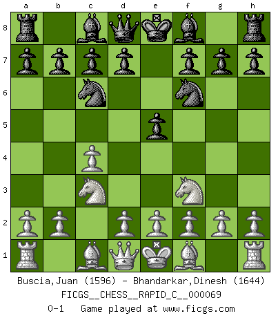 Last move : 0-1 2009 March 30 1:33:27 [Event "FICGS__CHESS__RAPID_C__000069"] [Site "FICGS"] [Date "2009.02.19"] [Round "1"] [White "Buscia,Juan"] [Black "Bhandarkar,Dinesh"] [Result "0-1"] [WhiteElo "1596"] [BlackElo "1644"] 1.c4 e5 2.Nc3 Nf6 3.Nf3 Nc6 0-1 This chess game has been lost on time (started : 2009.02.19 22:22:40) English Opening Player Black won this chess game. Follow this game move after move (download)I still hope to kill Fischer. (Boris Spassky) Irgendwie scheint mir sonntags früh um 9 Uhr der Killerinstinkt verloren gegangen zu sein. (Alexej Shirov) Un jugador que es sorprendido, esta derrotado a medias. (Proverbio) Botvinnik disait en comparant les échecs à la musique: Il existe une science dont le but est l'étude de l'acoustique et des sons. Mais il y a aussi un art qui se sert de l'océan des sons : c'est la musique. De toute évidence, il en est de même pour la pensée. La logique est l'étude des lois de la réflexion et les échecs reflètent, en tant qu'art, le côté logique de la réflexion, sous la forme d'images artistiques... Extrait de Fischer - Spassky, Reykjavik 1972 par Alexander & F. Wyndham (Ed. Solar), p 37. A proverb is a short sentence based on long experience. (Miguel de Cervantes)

...

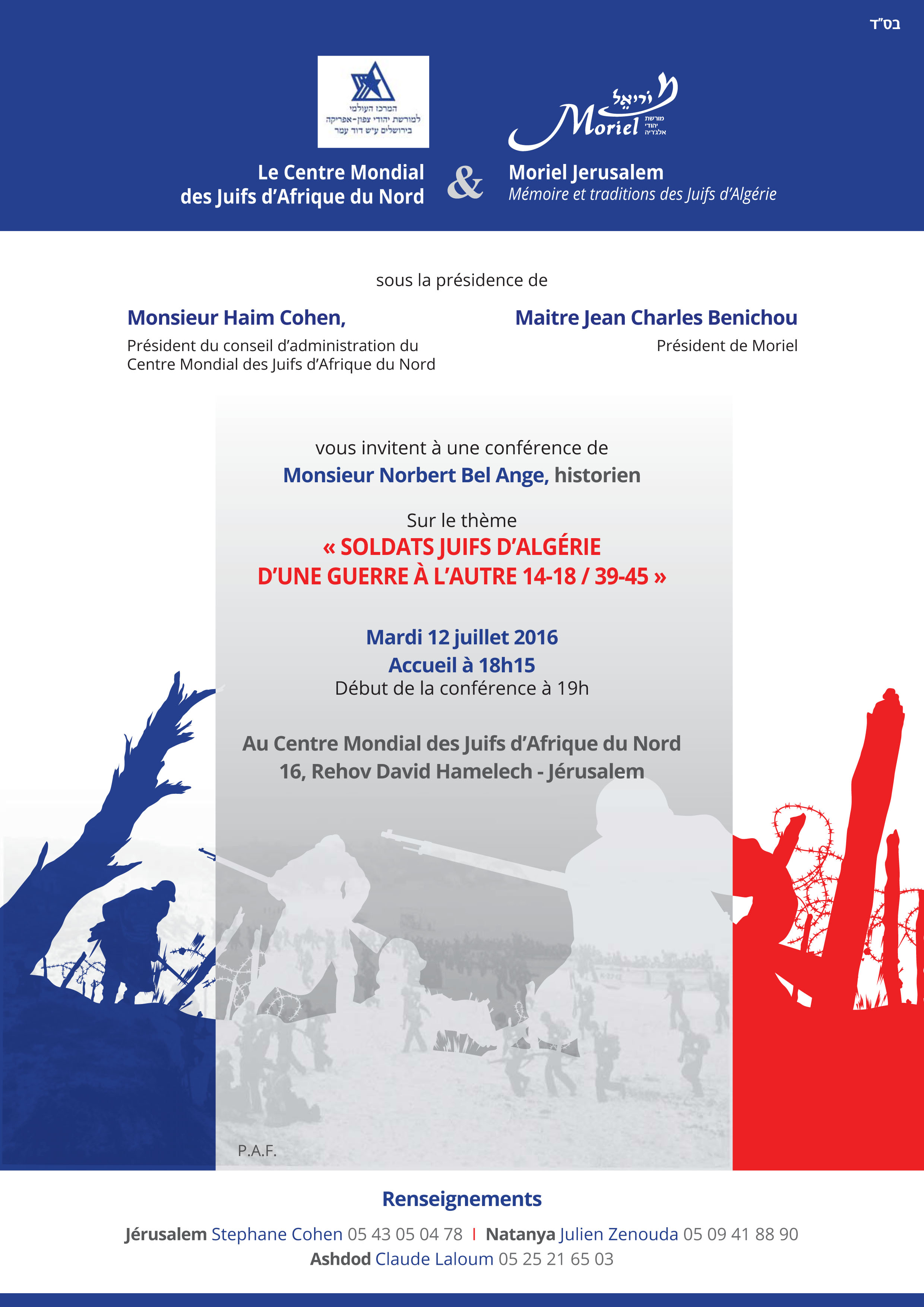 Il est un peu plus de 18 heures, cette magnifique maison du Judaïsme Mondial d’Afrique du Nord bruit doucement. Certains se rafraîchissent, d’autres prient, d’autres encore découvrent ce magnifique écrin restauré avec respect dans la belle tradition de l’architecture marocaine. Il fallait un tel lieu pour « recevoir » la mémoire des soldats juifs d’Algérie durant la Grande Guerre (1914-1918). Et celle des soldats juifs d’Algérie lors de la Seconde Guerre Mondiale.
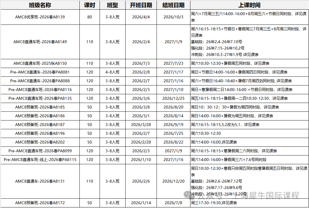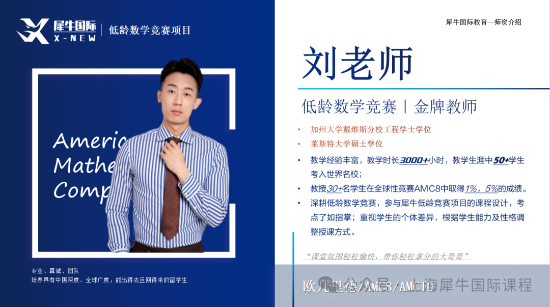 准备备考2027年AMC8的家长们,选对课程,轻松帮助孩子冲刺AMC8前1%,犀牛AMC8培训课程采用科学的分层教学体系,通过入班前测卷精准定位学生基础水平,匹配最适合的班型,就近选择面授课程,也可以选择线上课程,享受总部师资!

§ **WORK TASK**: In the listing above, find the line containing "Il est un peu" and the line containing "准备备考2027年AMC8的", then output those two lines and everything between them exactly as written, without the images.

§ **RESPONSE BELOW**:
 Il est un peu plus de 18 heures, cette magnifique maison du Judaïsme Mondial d’Afrique du Nord bruit doucement. Certains se rafraîchissent, d’autres prient, d’autres encore découvrent ce magnifique écrin restauré avec respect dans la belle tradition de l’architecture marocaine. Il fallait un tel lieu pour « recevoir » la mémoire des soldats juifs d’Algérie durant la Grande Guerre (1914-1918). Et celle des soldats juifs d’Algérie lors de la Seconde Guerre Mondiale.
 准备备考2027年AMC8的家长们,选对课程,轻松帮助孩子冲刺AMC8前1%,犀牛AMC8培训课程采用科学的分层教学体系,通过入班前测卷精准定位学生基础水平,匹配最适合的班型,就近选择面授课程,也可以选择线上课程,享受总部师资!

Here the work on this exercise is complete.